WORK REQUEST → Among the lines below, output only those between the line holding "Стрелковая зона имеет" and the line holding "핸들 위치가 멀고 낮아서", inclusive, exactly as written and with no pictures.

THE RECORDS →
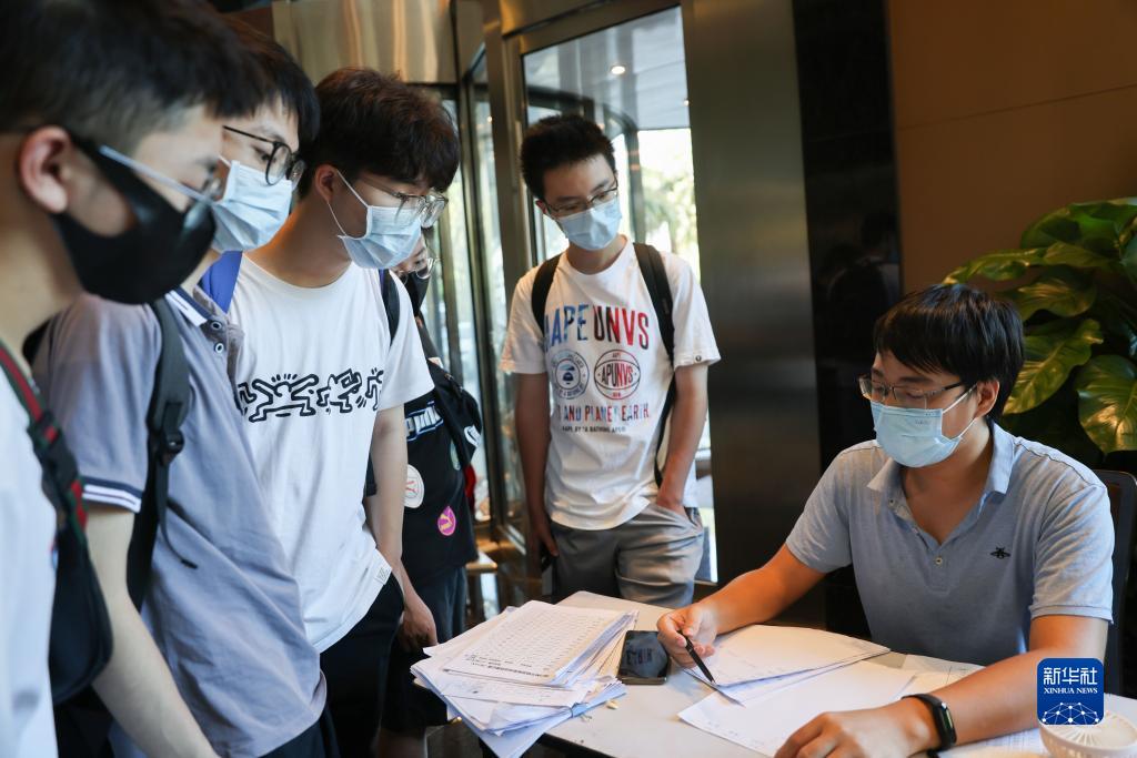 8月14日,準備返程的旅客在??谑旋埲A區一酒店大堂登記離島信息。
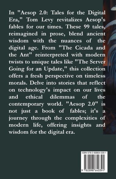 "Aesop 2.0: Tales for the Digital Era" brings to life the timeless fables of Aesop, reimagined in captivating prose to resonate with our contemporary, digital-centric world. In this innovative collection, author Tom Levy bridges the gap between ancient wisdom and modern technology, weaving together 99 tales that explore the intersection of timeless morals and current digital phenomena. From the familiar narrative of "The Cicada and the Ant" to the imaginative "Reality and the Glitch," these tales, skillfully crafted in prose, offer a unique blend of time-honored lessons and modern-day challenges. Characters like electric scooters, antivirus software, and even figures like Elon Musk find their place in these narratives, reflecting the diversity and dynamism of our current age. Each story in "Aesop 2.0" is a testament to the enduring power of fables, retooled for today's readership. These tales delve into themes such as technology's impact on society, the fusion of the organic with the electronic, and the timeless human condition. Perfect for lovers of classic fables and modern storytelling alike, "Aesop 2.0" invites readers of all ages to discover a world where ancient parables and the digital domain intertwine. With a blend of humor, insight, and imagination, this collection is a must-read for anyone seeking wisdom in our rapidly evolving world. Join us in "Aesop 2.0: Tales for the Digital Era," and experience the timeless magic of Aesop's fables reinterpreted for the digital generation.
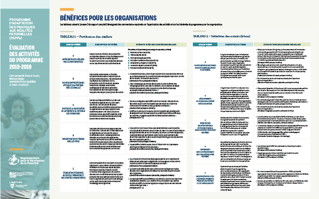 RAPPORT D’ÉVALUATION DES ACTIVITÉS DU PROGRAMME D’ADAPTATION DES PRATIQUES AUX RÉALITÉS PATERNELLES (PAPPa) 2015-2019
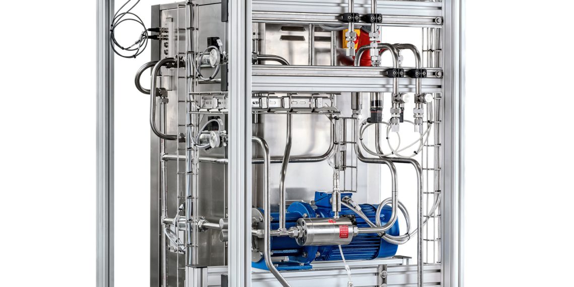 Die 1,1 x 0,8 x 2,1 m (L x B x H) große Anlage ist in verschiedene Ebenen gegliedert: Die erste besteht aus Grundgestell, Auffangwanne und Kühlwasseranschluss. Zur zweiten gehören Temperiergerät, Dosierpumpen, Messgeräte und Prozessanschluss. Die dritte setzt sich aus Schaltschrank, Bedienung und Schnittstellen zusammen. Alle Komponenten werden auf dem gemeinsamen Grundgestell montiert, das sich mittels Hubwagen bewegen lässt und eine durchgängige Edelstahl-Wanne zum Auffangen möglicher Leckagen beinhaltet. Alle Bauteile sind so angeordnet, dass die Anlage optimal zugänglich ist und sich einfach bedienen lässt. Die eigentlichen Systemkomponenten sind mit einer Wärmedämmung versehen, damit die Umgebungstemperatur keinen Einfluss auf die Fluidtemperatur und deren Gradienten hat. „Das ist eine unabdingbare Voraussetzung, um bei den dynamischen Wechseltests mit unterschiedlichen Prozesstemperaturen ein reproduzierbares Ergebnis erzielen zu können“, so Schwab.
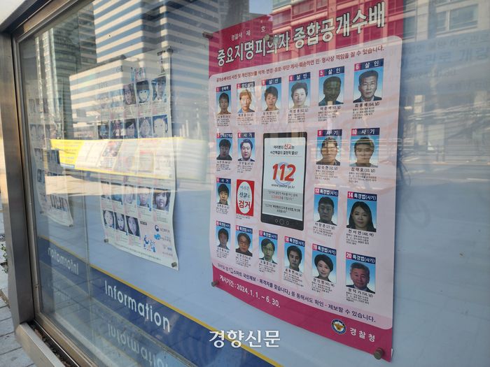 경찰의 2024년 중요지명피의자 종합공개수배 전단이 21일 서울 서대문구 미근동 경찰청 인근 게시판에 붙어 있다. 지난 15일 검거된 윤모씨(50)의 사진은 검거 직후 가려졌다. 강은 기자
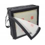 Стрелковая зона имеет дополнительный съемный экран из сетки, которая удерживает бумажную мишень на щите. В комплекте с щитом идут 10 сменных мишеней. Для удобства использования и переноски щит оснащен широким регулируемым ремнем.
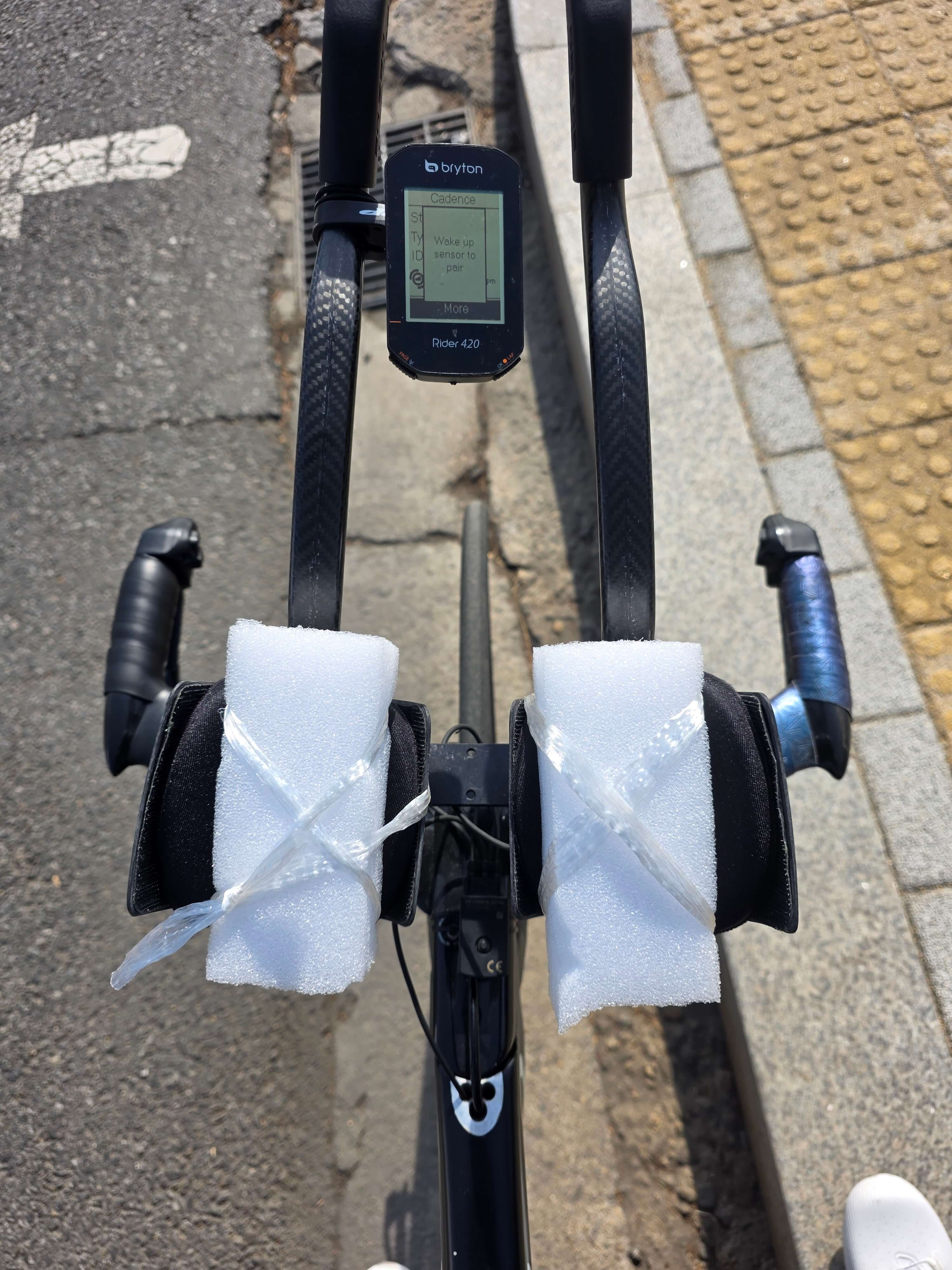 핸들 위치가 멀고 낮아서 지난 주 라이딩 때는 급하게 스펀지로 위치를 보정해 보았다. 느낌상 패드를 몸쪽으로 당겨야 된다. 하지만 정확한 진단을 받기위해 피팅을 받기로 한 것이다. 그리고 보정해줄 부품들도 구하는 것이 골치아프다.
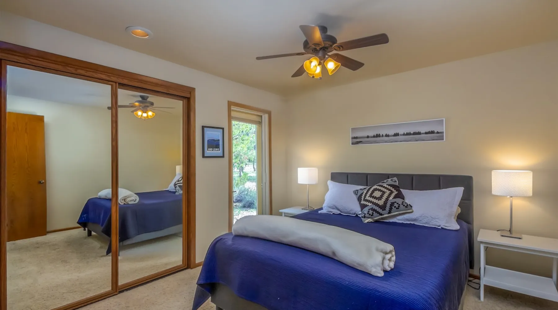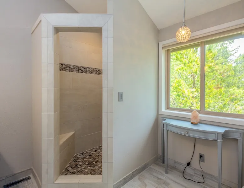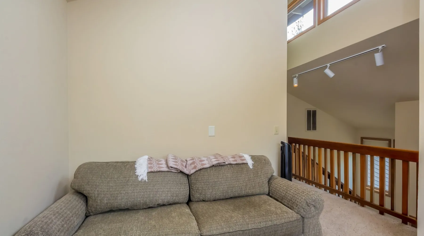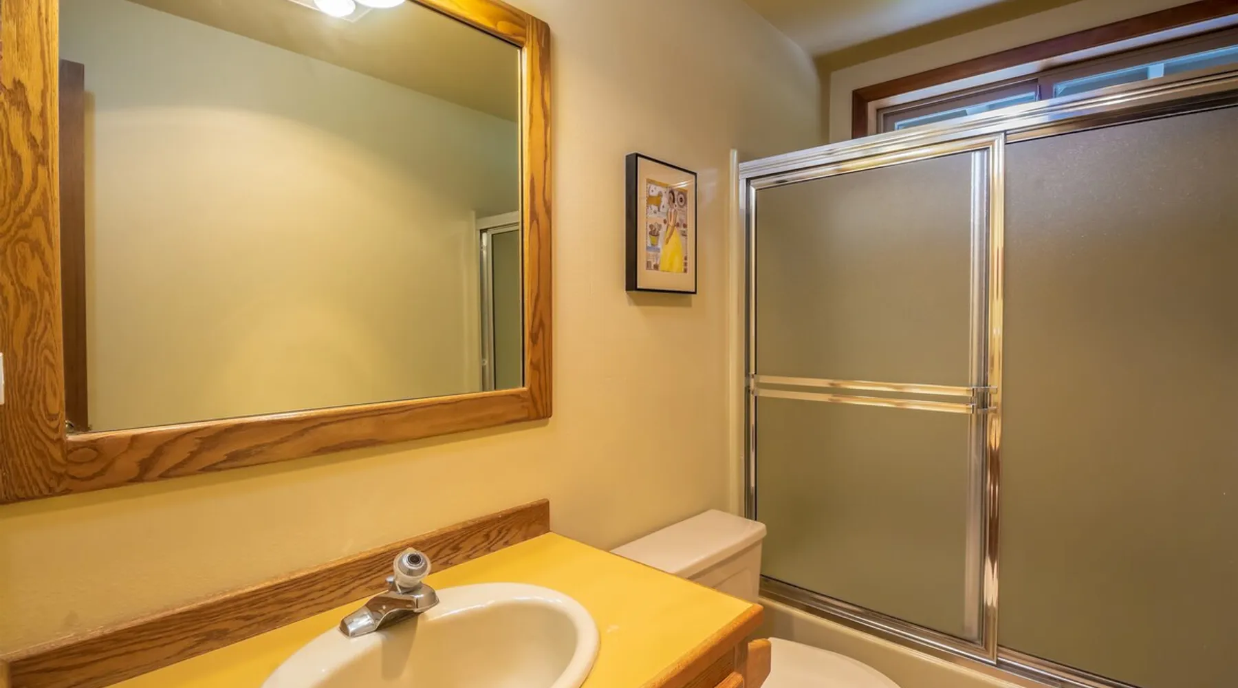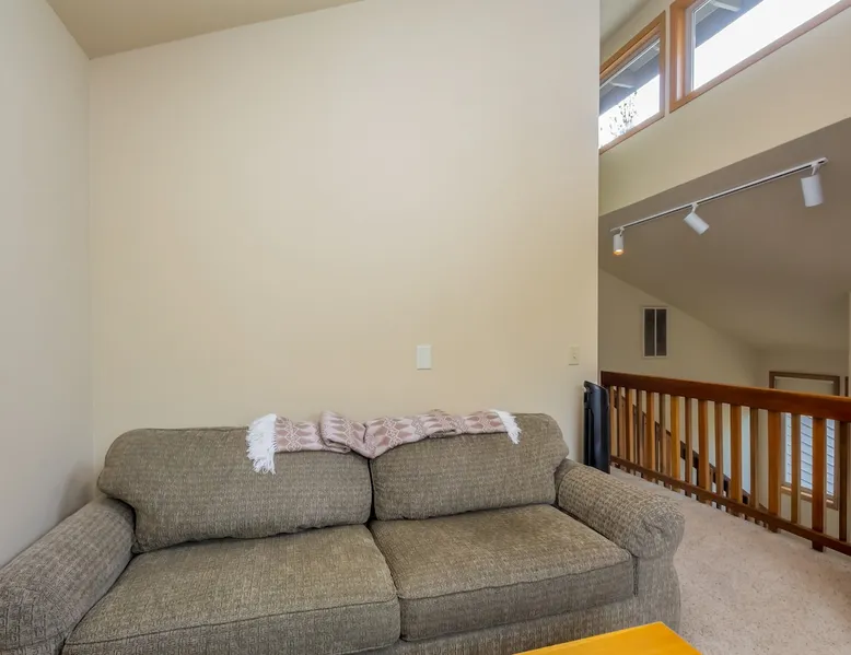 Cozy and inviting, this 2-bedroom Sunriver home features natural wood beam ceilings, a gas fireplace, and forest views through large windows. Enjoy a fully stocked kitchen, dining for four, and a comfy living room to unwind. The main level offers a queen bedroom and full bath; upstairs you'll find a king suite, loft with sleeper sofa, and portable A/C. Relax on the deck with a gas grill, stay connected with free WiFi, and explore all that Sunriver has to offer year-round! The space This 2 bedroom home invites you in with cozy furnishings, lofty ceilings of natural wood beams and large windows that frame the deck and the surrounding forest. The living room, warmed by the gas fireplace, has a flatscreen TV and a sofa where you can put your feet up after a day of hiking, biking, fishing, or skiing. Just around the corner in the kitchen, you'll find everything you need to prepare your favorite meal, a peninsula breakfast bar for two, and an adjacent dining space with a table for four. On this level you'll also find a queen bedroom and a full guest bathroom with shower and tub, plus the laundry room. Head upstairs to find a cozy loft with a pull-out sofa, portable AC unit, TV and DVD player for viewing your favorite movie. A king bedroom with private attached bathroom with gorgeous tiled shower completes this level. Come summertime, you can open the doors to the deck, get the gas grill going for an afternoon barbecue, and find a seat in the shade of the trees. Additional amenities include free WiFi, so you can easily look up a new trail or keep your eye on the snow report. Dogs allowed, 2 max. Fees apply. Other things to note AGE RESTRICTIONS: Guests must be 23 years or older to rent Bennington homes and the person reserving must occupy the home the whole reservation.
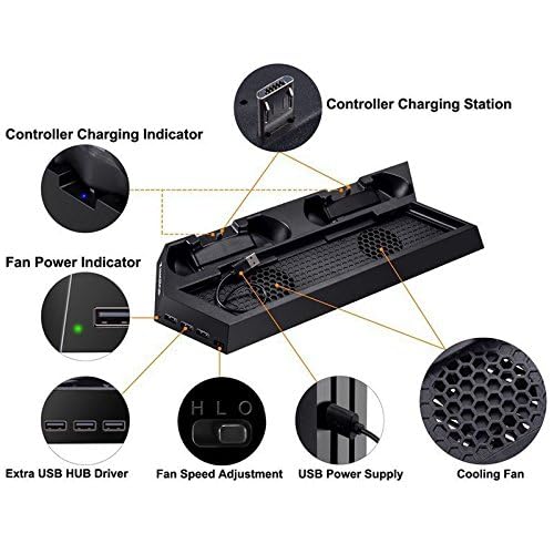 Description: This cooling stand reduces the working temperature of the PS4. It can also be used to charge 2 controllers at the same time which can greatly save your time and be convenient in game play. It features 2 built-in fans to keep your game console cool and calm, no more overheating after long hours of game playing. Features: *Color: black. *Material: ABS. *Size: about 28 x 15 x 4cm. *All-In-One: console vertical stand + cooler + dual shock charging station + USB hub. *Features 2 built-in fans to keep your game console cool and calm, no more overheating after long hours of game playing. *It is space saving that allows game console to be used safely in a vertical position. *Charging station with 2 charger ports to charge both of your game controllers simultaneously. *2 hub and 1 USB ports allows for connecting mouse, keyboard and other USB devices. Not recommended for charging. Compatible with: Sony PS4/PS4 Slim/PS4 Pro Package includes: 1 x vertical stand
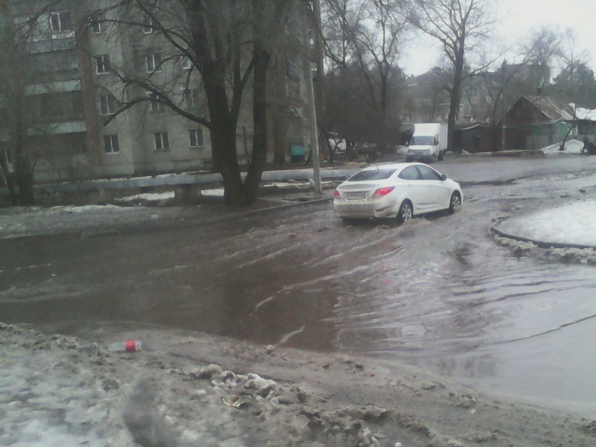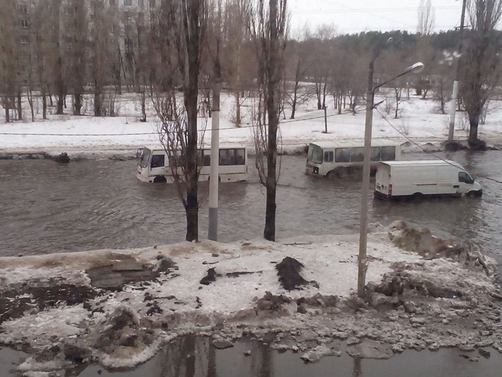 2 февраля в Воронеже настоящая оттепель, после того как столбик термометра показал +4 °С снег начал таять а воды прибывать на улицы нашего города. В результате, дороги превратились в реки, а машины в «лодки». Самое крупное наводнение произошло на улице Новосибирская, где даже машина упала в лужу.
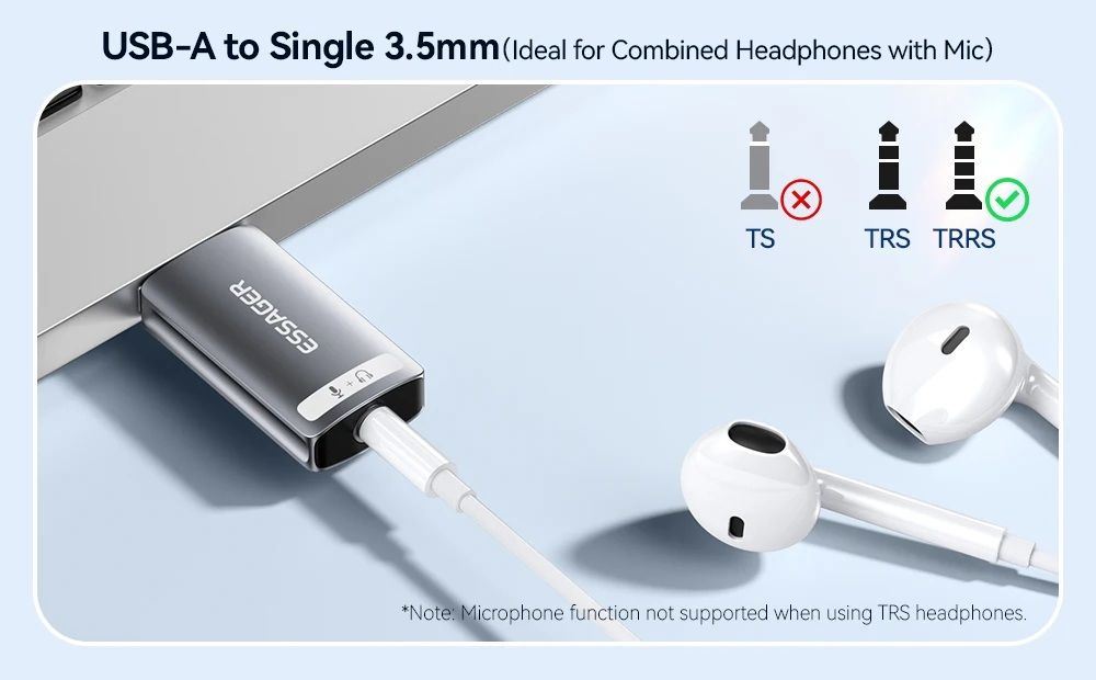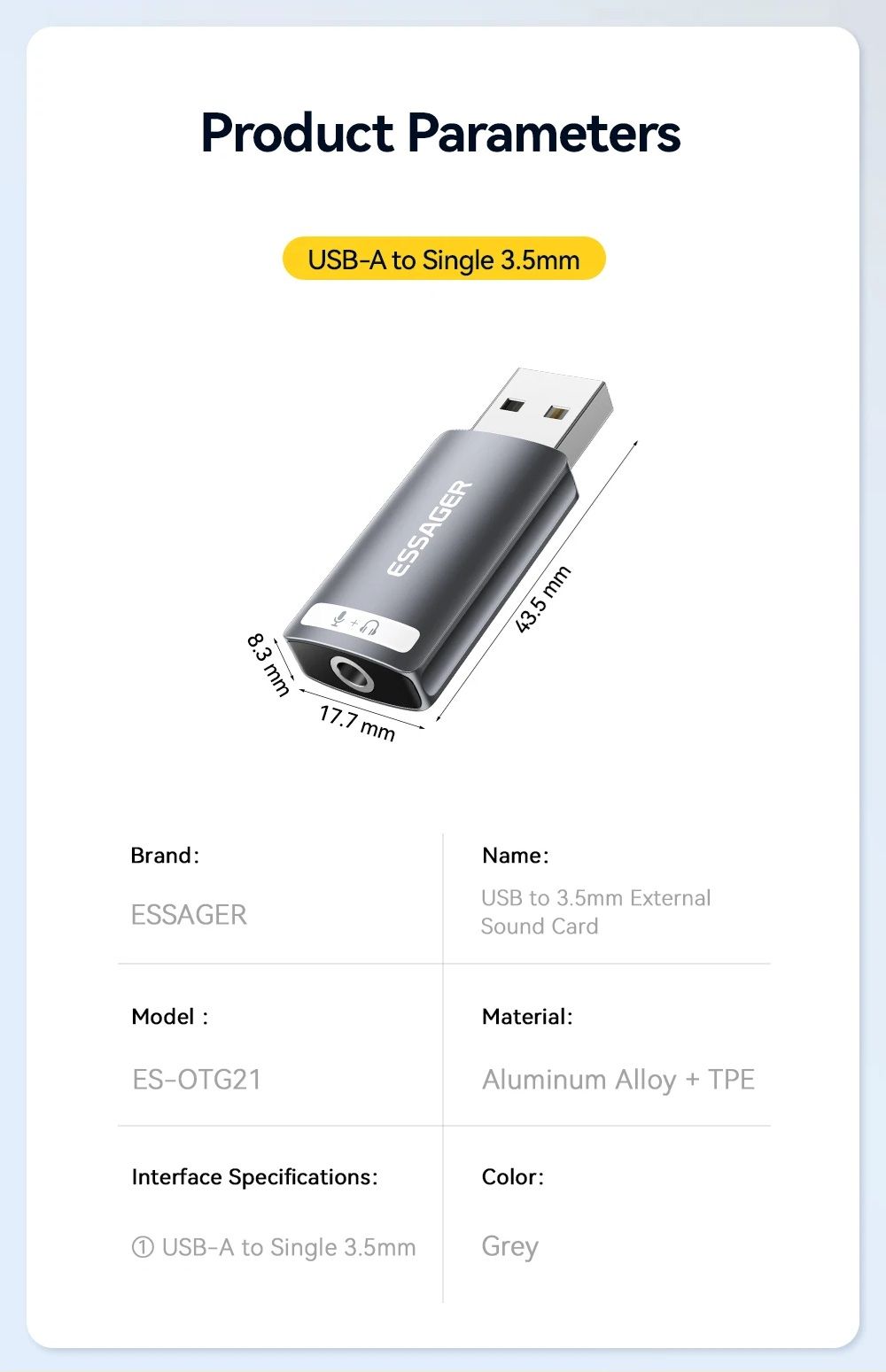 Зовнішня звукова карта Essager USB to 3.5 mm Jack (1×TRRS) – це компактний та універсальний аудіоадаптер, призначений для підключення навушників, гарнітури або мікрофона до пристроїв, які оснащені USB-портом. Аксесуар дозволяє швидко додати аудіороз'єм 3.5 мм на комп'ютери, ноутбуки, ігрові консолі та інші пристрої, забезпечуючи стабільне та якісне відтворення звуку.
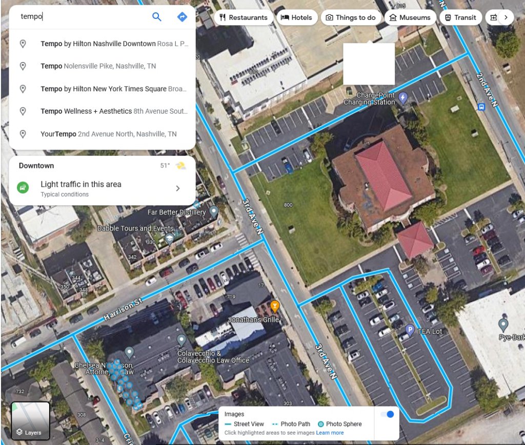 FWIW, Tempo by Hilton had been open less than a month. The street views (and satellite view) of it all show it under construction. Could this have affected the search results on that day? (i.e. a search ranking issue)

ANSWER AREA →
 Стрелковая зона имеет дополнительный съемный экран из сетки, которая удерживает бумажную мишень на щите. В комплекте с щитом идут 10 сменных мишеней. Для удобства использования и переноски щит оснащен широким регулируемым ремнем.
 핸들 위치가 멀고 낮아서 지난 주 라이딩 때는 급하게 스펀지로 위치를 보정해 보았다. 느낌상 패드를 몸쪽으로 당겨야 된다. 하지만 정확한 진단을 받기위해 피팅을 받기로 한 것이다. 그리고 보정해줄 부품들도 구하는 것이 골치아프다.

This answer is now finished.